- [ABOUT THIS EXERCISE] Skip the pictures, please, and write out exactly the lines from the opening of the data through the line containing "As the Commander of".

── DATA EXTRACTS ──

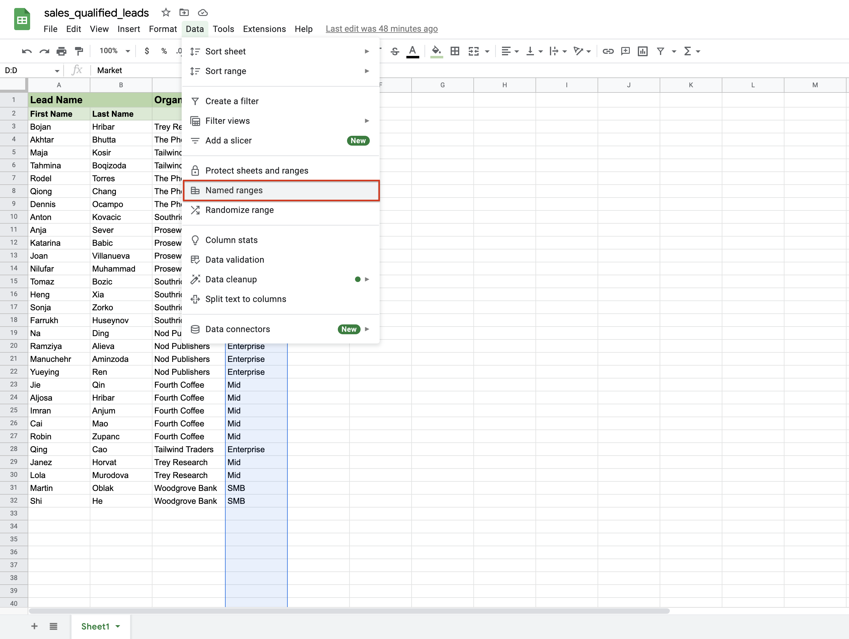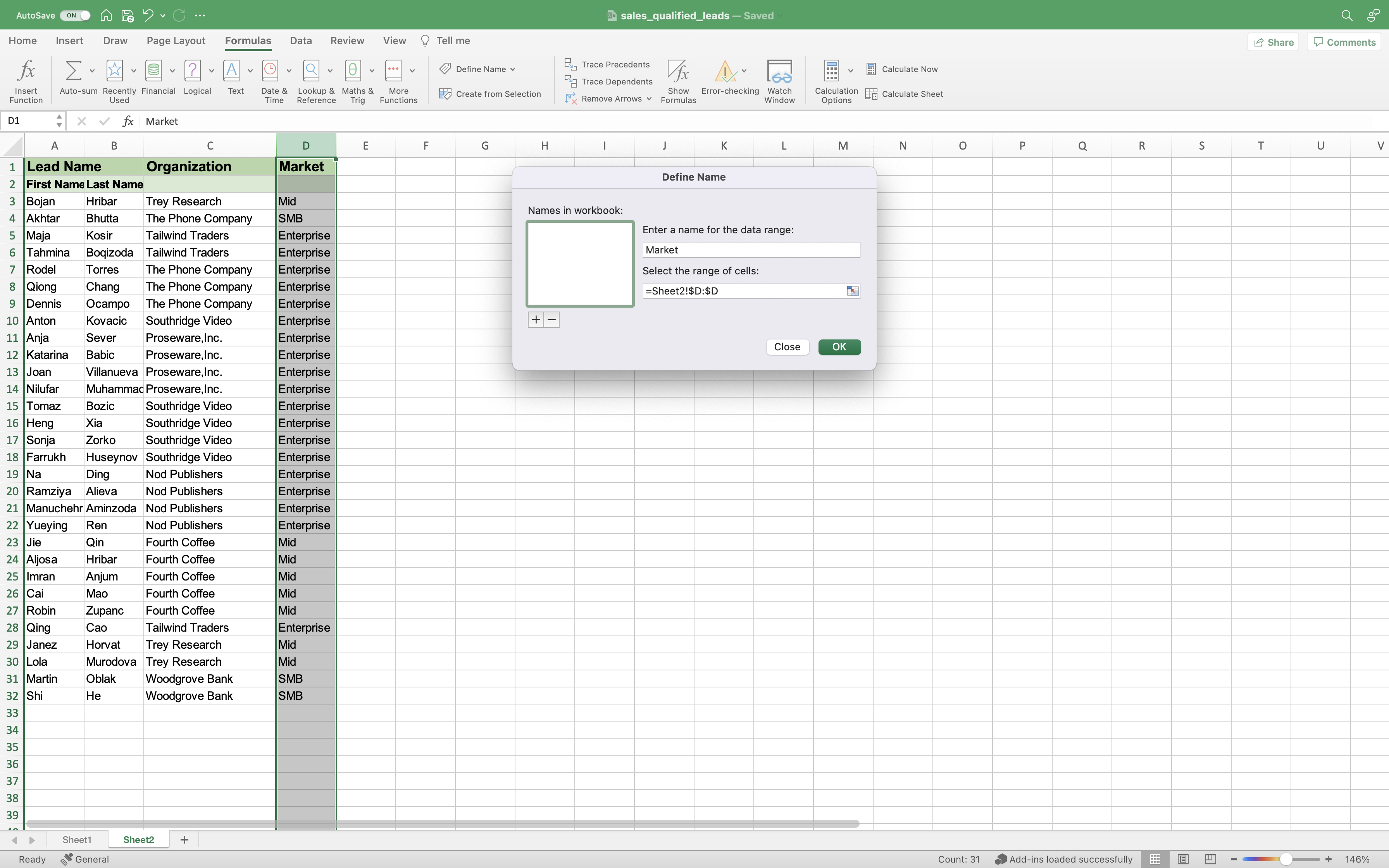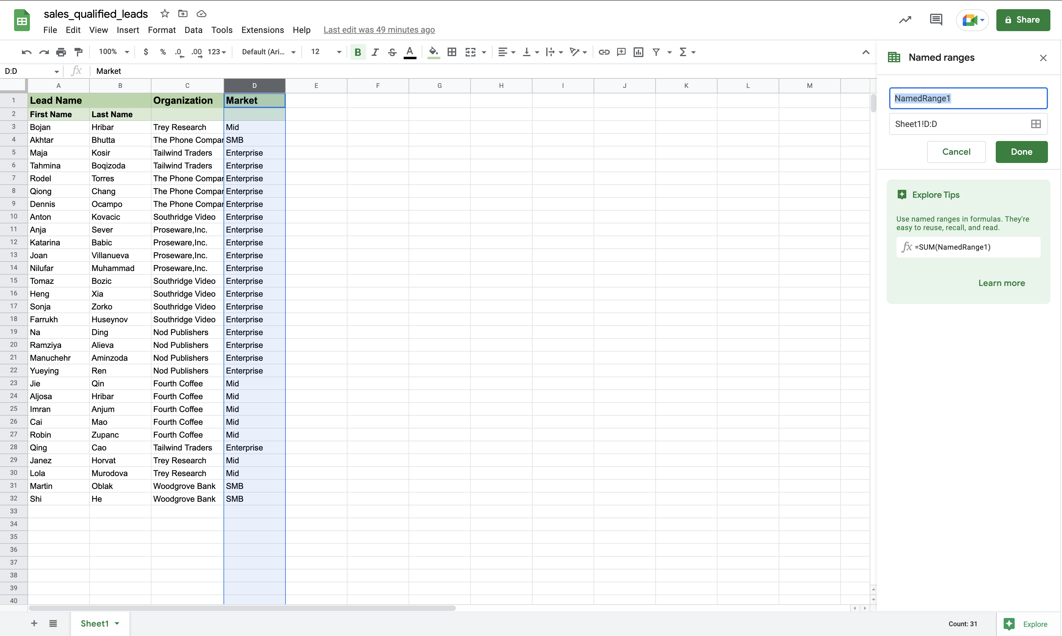 You can create named ranges in Excel (.xlsx) or Google Sheets to keep better track of values in your Box spreadsheets. Instead of using a column and row number to describe a range of cells, you could give the cell a unique range name that can be referred to.
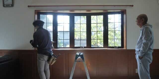 掃き出しサッシで既存規格で一番大きな4枚引き違いサッシの組み込み取り付けです
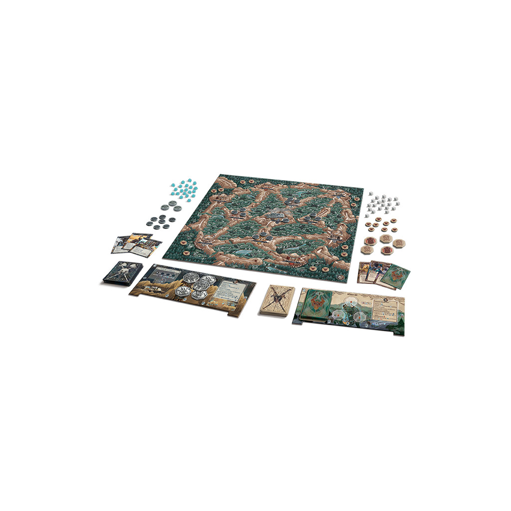 As the Commander of the Ironclad, your primary goal is to lay down the foundations of your forges in the outer mountains, and once you have collected enough crystals, build forges on the foundations. As the Chieftain of the Woodwalkers, your mission is to locate your people’s ancient totems through Vision cards, clear the path to them by defeating Ironclad warbands, and finally securing them in the outer forests, beyond the Ironclads’ reach. Once you have retrieved the third totem as the Chieftain, or built the third Forge as the Commander, you immediately win the game.
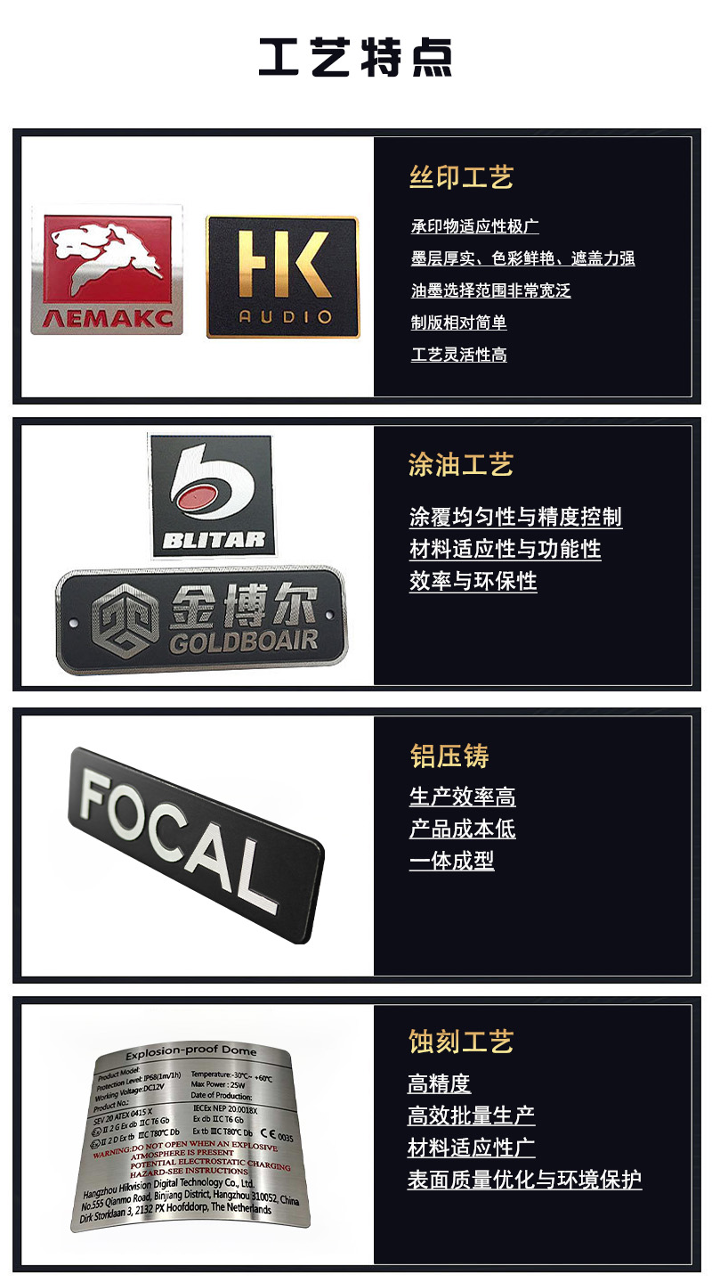 不銹鋼金屬標牌適用于工業制造與機械行業、電子與電器行業、汽車與交通運輸行業、醫療與制藥行業、建筑與裝飾行業、軍工與安防行業、奢侈品與禮品行業。其核心優勢在于適應惡劣環境、信息持久清晰、兼具功能性與裝飾性,因此在對標識耐用性、精度或美觀度有高要求的行業中均能發揮重要作用。
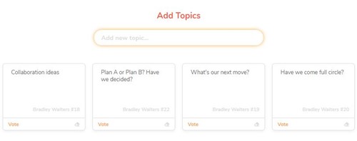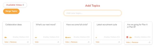 Once the topics have been entered, attendees can vote on which topics they would like to discuss. Initially, everyone have 3 votes. Votes can be removed and recast.
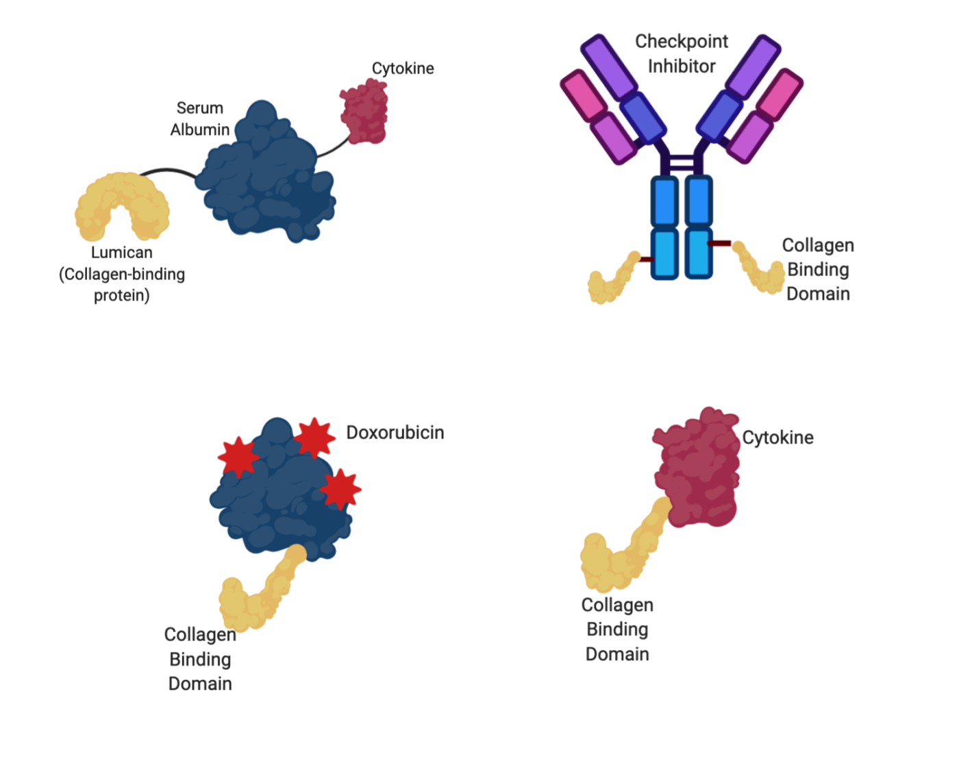Figure 3: Various collage-binding therapies used in these studies to treat cancer. Albumin, the carrier protein, is shown in blue. Therapeutic agents are shown in red (doxorubicin=bright red, cytokines=dark red), while collagen-binding domains are shown in yellow. Image created in BioRender by the author.
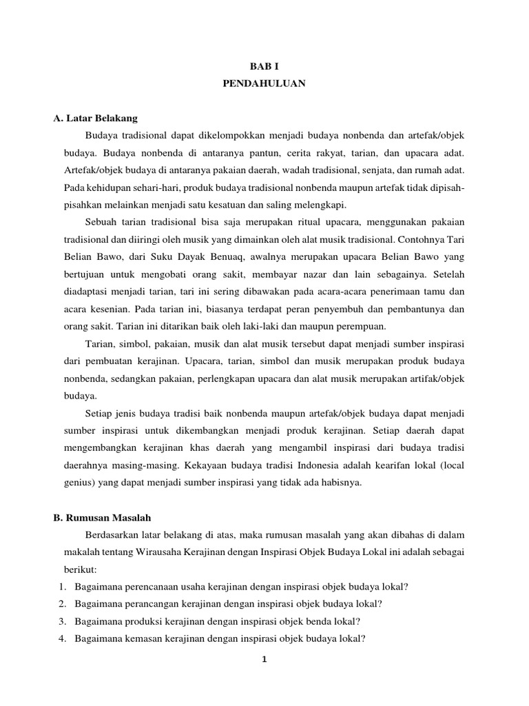 Wirausaha Kerajinan Dengan Inspirasi Objek Budaya Lokal Doc Pdf Download Contoh Makalah Lengkap
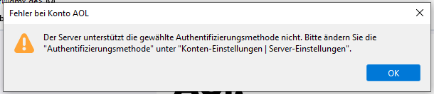 Beim Abruf noch immer das gleiche Problem wie am Anfang. Auch nach umstellen auf "Passwort, normal" geht es nicht. Siehe Meldung:

───

- [OUTPUT OF THE EXERCISE]
 You can create named ranges in Excel (.xlsx) or Google Sheets to keep better track of values in your Box spreadsheets. Instead of using a column and row number to describe a range of cells, you could give the cell a unique range name that can be referred to.
 掃き出しサッシで既存規格で一番大きな4枚引き違いサッシの組み込み取り付けです
 As the Commander of the Ironclad, your primary goal is to lay down the foundations of your forges in the outer mountains, and once you have collected enough crystals, build forges on the foundations. As the Chieftain of the Woodwalkers, your mission is to locate your people’s ancient totems through Vision cards, clear the path to them by defeating Ironclad warbands, and finally securing them in the outer forests, beyond the Ironclads’ reach. Once you have retrieved the third totem as the Chieftain, or built the third Forge as the Commander, you immediately win the game.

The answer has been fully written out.